START DATASET CONTENT
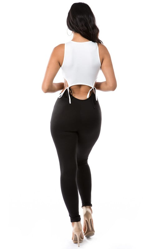 Sexy color block jumpsuit, sleeveless cut off look multi strip self tie with long pant design
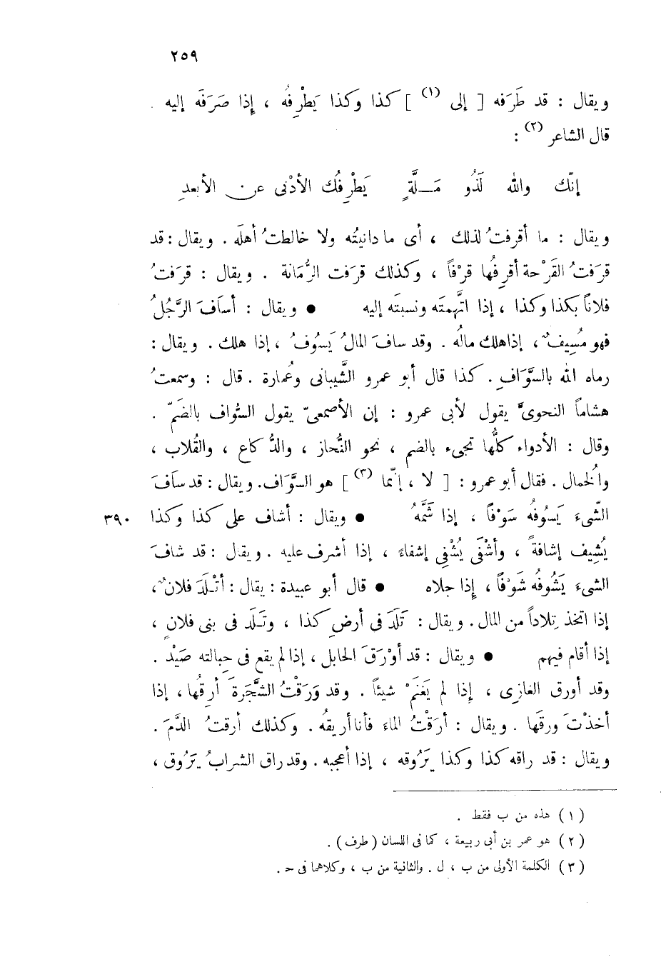 ويقال قد ساف الشيء يسوفه سوفا إذا شمه
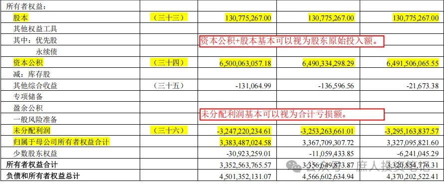 新潮自打成立以来,各路神仙股东前前后后投了76.9亿,这76.9亿都去哪儿了呢?资产负债表中所有者权益构成告诉了我们答案,见下图:
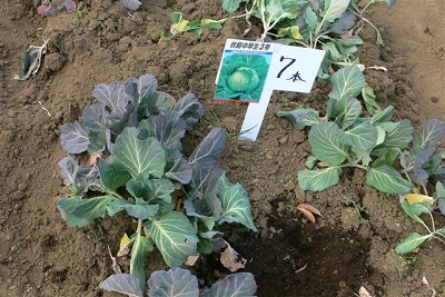 その隣にキャベツの苗を7株植えます。(植穴に水を充分に入れておく)
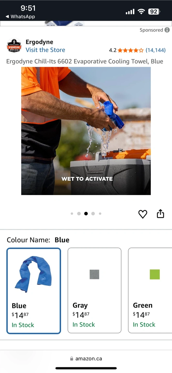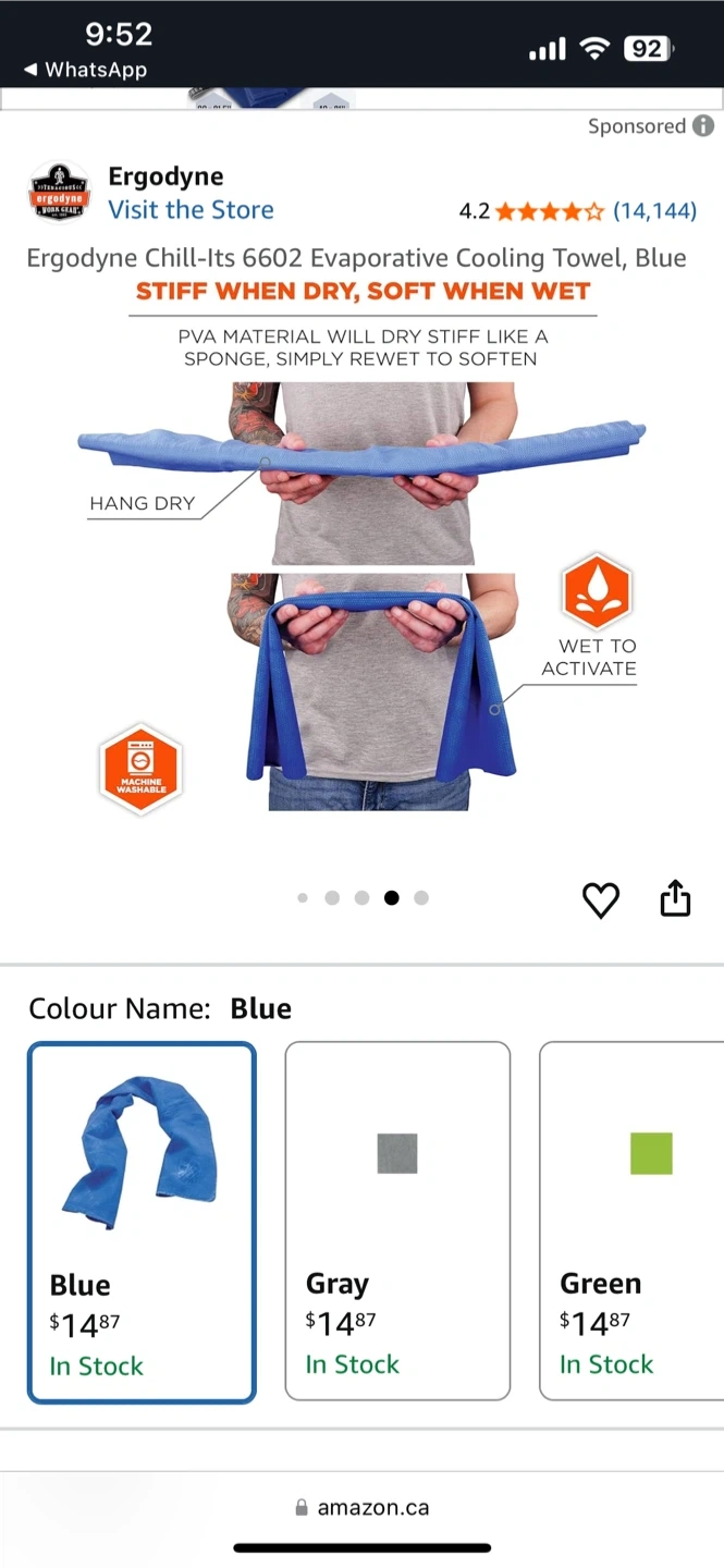 This is an Ergodyne Chill-Its 6602 evaporative cooling towel in blue. It measures 13IN x 29.5IN (33CM x 75CM). The PVA material becomes stiff when dry and softens when re-wet. It's machine washable.
END DATASET CONTENT
:: EXERCISE PROMPT ::
For each record above, write out every line exactly and skip the pictures.

:: ANSWER SECTION ::
 Sexy color block jumpsuit, sleeveless cut off look multi strip self tie with long pant design
 ويقال قد ساف الشيء يسوفه سوفا إذا شمه
 新潮自打成立以来,各路神仙股东前前后后投了76.9亿,这76.9亿都去哪儿了呢?资产负债表中所有者权益构成告诉了我们答案,见下图:
 その隣にキャベツの苗を7株植えます。(植穴に水を充分に入れておく)
 This is an Ergodyne Chill-Its 6602 evaporative cooling towel in blue. It measures 13IN x 29.5IN (33CM x 75CM). The PVA material becomes stiff when dry and softens when re-wet. It's machine washable.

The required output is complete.